Può sembrare una barzelletta, ma non lo è. Il delegato UGL — quello che nel 2020 firmava il contratto pirata e nel 2026, dopo che le app venivano indagate e lui gridava 'Glovo non si tifa/tocca', è uscito con una perla di saggezza...


 ​Il sindacalista dell'anno ha scoperto il moto perpetuo dell'economia: la benzina la paga il cliente

​Ci sono momenti in cui la realtà supera la parodia e la ditta di trasformazione della dignità in barzelletta lavora a pieno regime. L'ultimo capolavoro porta la firma di un delegato UGL che ha deciso di rivoluzionare la teoria economica contemporanea con una perla di rara saggezza padronale.

​Un rider fa notare che con i prezzi della benzina alle stelle e la manutenzione del mezzo interamente a sue spese sta praticamente pagando per lavorare? La risposta del tutore dei diritti per eccellenza non smentisce le aspettative:

​«Ma se prendi 15 euro al giorno di mance, di cosa ti lamenti? Quelle ti coprono la benzina!»


​La fisica quantistica del "Dele-Gato"

​Analizziamo l'acume tattico di questa trovata:

​Il salario magico: Secondo la logica UGL, la mancia — un gesto del tutto arbitrario e casuale di un cliente pietoso — non è un extra per il buon servizio, ma un ammortizzatore sociale.
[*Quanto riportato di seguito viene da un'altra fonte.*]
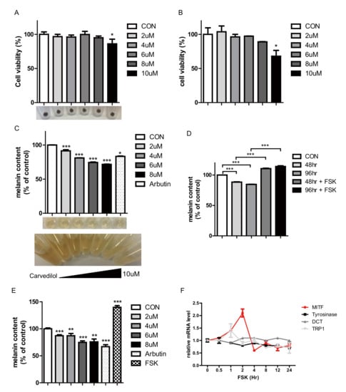 2.1. Carvedilol Suppresses Melanogenesis
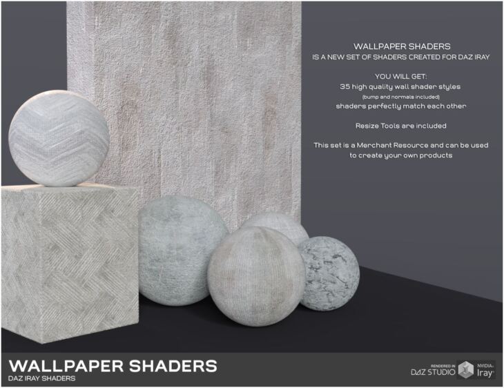 Wallpaper Shaders - new set of shaders credted for Daz Studio with Iray. This set is a merchant resource and can be used to create your own products.
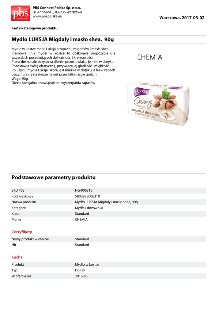 PBS Connect Polska Sp. z o.o. ul. Annopol 3, 03-236 Warszawa www.pbspolska.eu Karta katalogowa produktu: Mydło LUKSJA Migdały i masło shea, 90g Mydło w kostce marki Luksja o zapachu migdałów i masła shea Kremowa linia mydeł w kostce to doskonała propozycja dla wszystkich poszukujących delikatności i kremowości Piana doskonale oczyszcza dłonie, pozostawiając je miłe w dotyku Pozostawia skórę elastyczną, przywraca jej gładkość i miękkość Po użyciu mydła Luksja, skóra jest miękka w dotyku, a lekki zapach utrzymuje się na skórze nawet przez kilkanaście godzin Waga: 90g Oferta specjalna obowiązuje do wyczerpania zapasów Podstawowe parametry produktu SKU PBS HG-006310 Kod kreskowy 5900998006310 Nazwa produktu Mydło LUKSJA Migdały i masło shea, 90g Kategoria Mydła i dozowniki Klasa Standard Marka CHEMIA Certyfikaty Nowy produkt w ofercie Standard Hit Standard Cecha Produkt Mydło w kostce Typ Do rąk W ofercie od 2016-05 Warszawa, 2017-03-02 PBS Connect Polska Sp. z o.o. ul. Annopol 3, 03-236 Warszawa www.pbspolska.eu Karta katalogowa produktu cd. Mydło LUKSJA Migdały i masło shea, 90g Podstawowe parametry produktu Wspólny słownik zamówień CPV 33741000-6 Jednostki logistyczne Opakowanie 1 12 szt Opakowanie 2 72 szt Opakowanie 3 8064 szt Warszawa, 2017-03-02
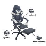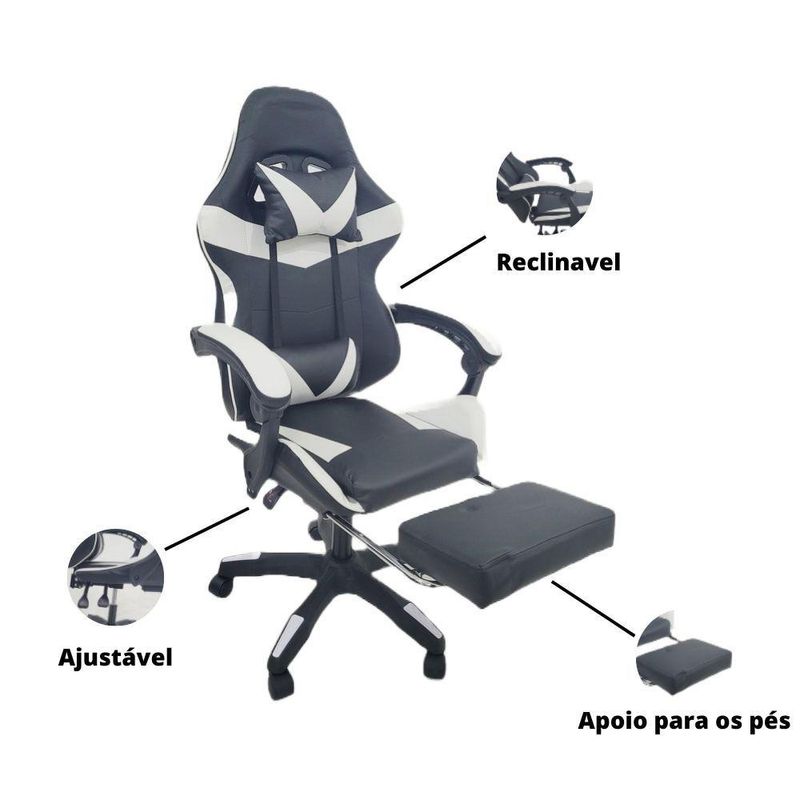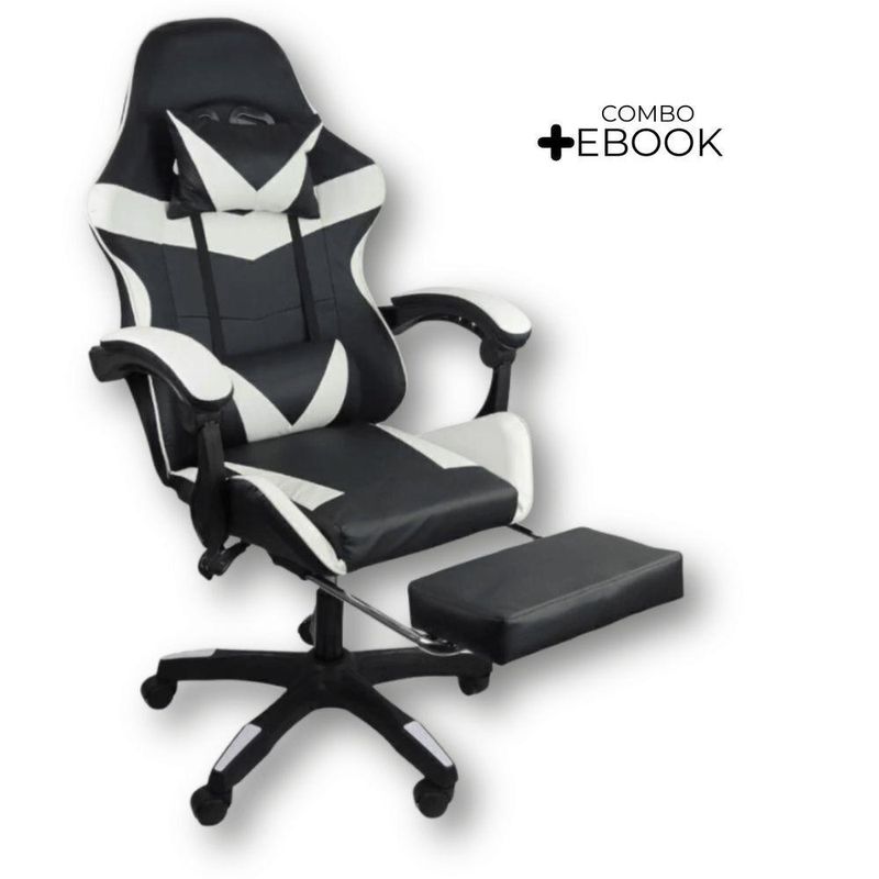 Cadeira Gamer Stillus Ergonômica Oficial Apoio De Pés Preta / BrancaCadeira Gamer Stillus Ergonômica com Apoio para os Pés – Conforto, Estilo e DesempenhoTransforme suas horas de jogo ou trabalho com a Cadeira Gamer Stillus, projetada para oferecer máximo conforto e ergonomia. Seu design moderno com apoio retrátil para os pés e encosto reclinável de até 120° garante o equilíbrio ideal entre produtividade e descanso.Feita com estrutura metálica reforçada e revestimento em couro sintético premium, a Stillus combina durabilidade, resistência e sofisticação. Ideal para gamers exigentes e profissionais que passam horas sentados e não abrem mão do conforto. Destaques que fazem a diferençaDesign ergonômico com encosto alto e apoio lombar;Apoio retrátil para os pés, perfeito para relaxar;Revestimento em couro sintético premium, fácil de limpar;Altura ajustável e base giratória 360°;Inclinação de até 120°, ideal para pausas e descanso;Capacidade de até 120 kg, com estrutura robusta. Acompanha: E-book Exclusivo. Medidas AproximadasAltura total: 110 – 120 cmAssento até o chão: 45 – 53 cmEncosto: 78 cm (altura) x 54 cm (largura)Assento: 52 cm (largura) x 53 cm (profundidade)Entre braços: 63 cmPeso: 17 kg Especificações TécnicasEstrutura: Metal e PolipropilenoRevestimento: Couro sintéticoAssento: Madeira multilaminadaInclinação: 120°Peso máximo suportado: 120 kgA Cadeira Gamer Stillus é o equilíbrio perfeito entre conforto, estilo e resistência.Ideal para quem busca alto desempenho e bem-estar em todas as horas do dia — do trabalho ao lazer.

​Il rimborso a carico del quartiere: L'azienda risparmia sui rimborsi chilometrici perché la benzina la paga "la signora del quarto piano". Se il cliente è tirchio, la moto spinge a spinta.
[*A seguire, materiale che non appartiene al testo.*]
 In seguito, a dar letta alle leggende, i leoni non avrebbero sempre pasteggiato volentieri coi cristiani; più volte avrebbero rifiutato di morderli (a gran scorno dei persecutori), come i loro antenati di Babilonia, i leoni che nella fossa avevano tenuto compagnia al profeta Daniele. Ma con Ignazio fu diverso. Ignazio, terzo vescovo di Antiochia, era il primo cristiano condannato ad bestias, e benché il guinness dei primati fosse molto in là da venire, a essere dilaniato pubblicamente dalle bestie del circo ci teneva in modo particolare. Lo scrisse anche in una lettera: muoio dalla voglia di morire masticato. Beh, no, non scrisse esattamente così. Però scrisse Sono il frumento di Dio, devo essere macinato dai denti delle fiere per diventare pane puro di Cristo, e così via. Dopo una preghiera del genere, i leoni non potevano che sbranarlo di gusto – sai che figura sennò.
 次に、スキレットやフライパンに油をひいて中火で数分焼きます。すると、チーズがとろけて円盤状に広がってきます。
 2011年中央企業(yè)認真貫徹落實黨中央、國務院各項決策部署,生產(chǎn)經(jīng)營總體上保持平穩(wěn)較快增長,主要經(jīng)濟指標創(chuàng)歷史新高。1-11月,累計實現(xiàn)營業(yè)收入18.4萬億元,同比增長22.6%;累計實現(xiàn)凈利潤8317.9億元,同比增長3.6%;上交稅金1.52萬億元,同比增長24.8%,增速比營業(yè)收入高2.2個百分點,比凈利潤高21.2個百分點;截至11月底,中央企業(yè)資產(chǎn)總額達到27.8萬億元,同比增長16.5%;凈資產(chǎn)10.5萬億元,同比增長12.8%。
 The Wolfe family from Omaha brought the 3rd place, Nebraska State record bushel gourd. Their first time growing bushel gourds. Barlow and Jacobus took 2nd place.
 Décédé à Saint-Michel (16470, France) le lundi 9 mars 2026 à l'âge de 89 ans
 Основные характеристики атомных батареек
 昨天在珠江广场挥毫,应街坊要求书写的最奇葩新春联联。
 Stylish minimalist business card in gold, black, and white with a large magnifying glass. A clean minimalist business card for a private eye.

​Prossimi sviluppi della contrattazione: A questo punto ci aspettiamo che al prossimo tavolo delle trattative l'UGL proponga di scalare il valore dei panini offerti al rider direttamente dalla busta paga.

​Zero rimborso, zero dignità

​Mentre le multinazionali del delivery incassano e il costo della vita devasta chi sta in strada 10 ore al giorno sotto la pioggia, il delegato UGL fa il lavoro sporco per le piattaforme: convince i lavoratori che la carità privata deve sostituire le garanzie contrattuali.

​Non è un sindacato, è un servizio di consulenza per far risparmiare le aziende sui costi di gestione. Se la benzina ce la dobbiamo pagare con le mance dei clienti, la tessera sindacale possiamo pagarla con i punti della spesa.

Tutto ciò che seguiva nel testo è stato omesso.